Univ Lyon, Université Claude Bernard Lyon 1, INSA-Lyon, CNRS, Inserm, CREATIS UMR 5220, U1294, F-69621, Lyon, France.
Service de Réanimation Médicale, Hôpital de la Croix Rousse, Hospices Civils de Lyon, France.
Med Phys. 2022 Jan;49(1):420-431. doi: 10.1002/mp.15347. Epub 2021 Dec 2.
Motion-mask segmentation from thoracic computed tomography (CT) images is the process of extracting the region that encompasses lungs and viscera, where large displacements occur during breathing. It has been shown to help image registration between different respiratory phases. This registration step is, for example, useful for radiotherapy planning or calculating local lung ventilation. Knowing the location of motion discontinuity, that is, sliding motion near the pleura, allows a better control of the registration preventing unrealistic estimates. Nevertheless, existing methods for motion-mask segmentation are not robust enough to be used in clinical routine. This article shows that it is feasible to overcome this lack of robustness by using a lightweight deep-learning approach usable on a standard computer, and this even without data augmentation or advanced model design.
A convolutional neural-network architecture with three 2D U-nets for the three main orientations (sagittal, coronal, axial) was proposed. Predictions generated by the three U-nets were combined by majority voting to provide a single 3D segmentation of the motion mask. The networks were trained on a database of nonsmall cell lung cancer 4D CT images of 43 patients. Training and evaluation were done with a K-fold cross-validation strategy. Evaluation was based on a visual grading by two experts according to the appropriateness of the segmented motion mask for the registration task, and on a comparison with motion masks obtained by a baseline method using level sets. A second database (76 CT images of patients with early-stage COVID-19), unseen during training, was used to assess the generalizability of the trained neural network.

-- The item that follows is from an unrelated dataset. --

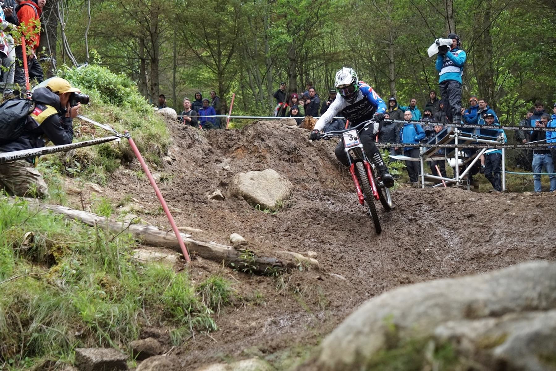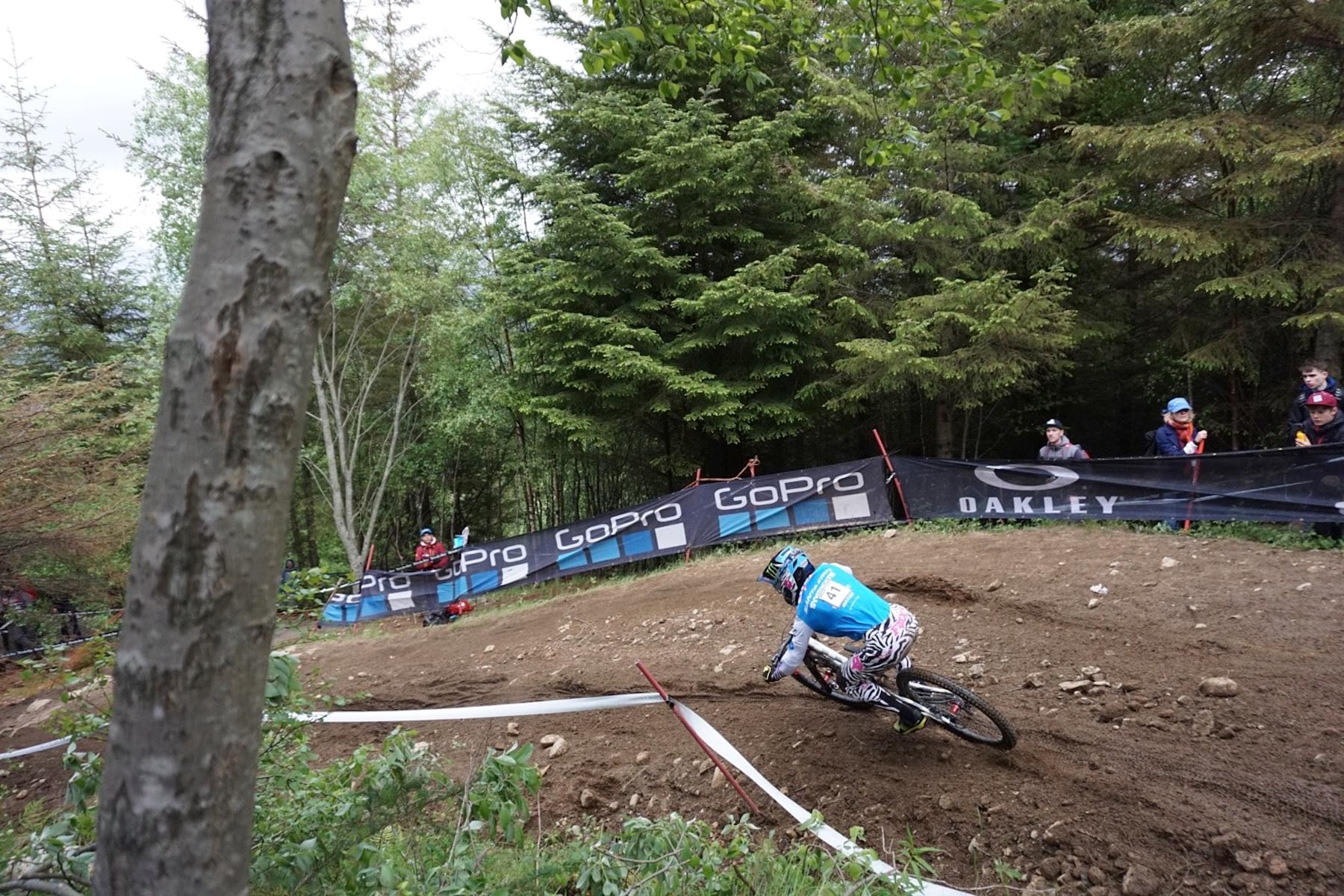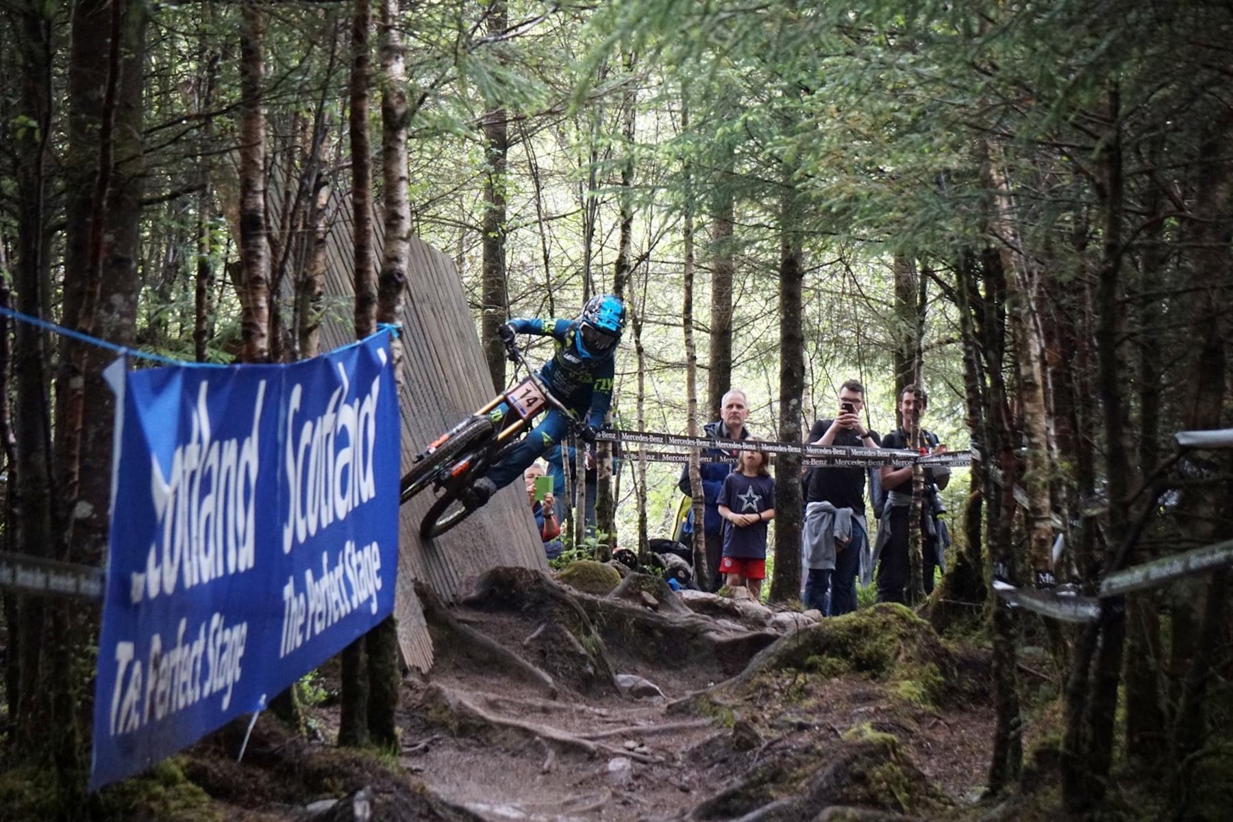 Flat tyres had been a regular occurrence during the morning’s practice sessions, and it continued to plague certain riders, including Australia’s Jack Moir, who were discovering some of Fort William’s sharper rocks on their way through the lower half of the race course. It sounded like the tricky woods section was the main culprit, wreaking havoc on rider’s rear tyres, and seeing many come into the main road gap with not nearly enough speed. There were many hard hucks-to-not-quite-the-landing.

The proposed approach outperformed the baseline method in terms of quality and robustness: the success rate increased from to without producing any failure. It also achieved a speed-up factor of 60 with GPU, or 17 with CPU. The memory footprint was low: less than 5 GB GPU RAM for training and less than 1 GB GPU RAM for inference. When evaluated on a dataset with images differing by several characteristics (CT device, pathology, and field of view), the proposed method improved the success rate from to .
With 5-s processing time on a mid-range GPU and success rates around , the proposed approach seems fast and robust enough to be routinely used in clinical practice. The success rate can be further improved by incorporating more diversity in training data via data augmentation and additional annotated images from different scanners and diseases. The code and trained model are publicly available.
从胸部计算机断层扫描(CT)图像中进行运动掩模分割,是提取包含肺部和内脏的区域的过程,在此过程中,呼吸期间会发生较大的位移。它已被证明有助于不同呼吸阶段之间的图像配准。例如,该注册步骤对于放射治疗计划或计算局部肺通气很有用。了解运动不连续性的位置,即在胸膜附近的滑动运动,可更好地控制配准,防止不切实际的估计。然而,现有的运动掩模分割方法不够稳健,无法在临床常规中使用。本文表明,通过使用可在标准计算机上使用的轻量级深度学习方法,即使没有数据增强或先进的模型设计,也可以克服这种稳健性不足的问题。
提出了一种具有三个 2D U-Net 的卷积神经网络架构,用于三个主要方向(矢状位、冠状位、轴位)。通过多数投票将三个 U-Net 生成的预测组合,以提供运动掩模的单个 3D 分割。网络在 43 名非小细胞肺癌 4D CT 图像的数据库上进行训练。训练和评估采用 K 折交叉验证策略。评估是根据两位专家根据分割运动掩模对配准任务的适当性进行的视觉分级以及与使用水平集获得的运动掩模的比较进行的。第二个数据库(76 名早期 COVID-19 患者的 CT 图像)在训练期间不可见,用于评估训练神经网络的泛化能力。
在所提出的方法中,质量和稳健性均优于基线方法:成功率从提高到,且没有失败。它还实现了 GPU 加速因子 60,或 CPU 加速因子 17。内存占用低:训练时 GPU 少于 5GB,推理时 GPU 少于 1GB。当在具有不同特征(CT 设备、病理学和视野)的图像数据集上进行评估时,所提出的方法将成功率从提高到。
在所提出的方法中,在中端 GPU 上的处理时间为 5 秒,成功率约为,其速度快且足够稳健,可以在临床实践中常规使用。通过数据增强和来自不同扫描仪和疾病的更多注释图像在训练数据中加入更多多样性,可以进一步提高成功率。代码和训练好的模型都是公开的。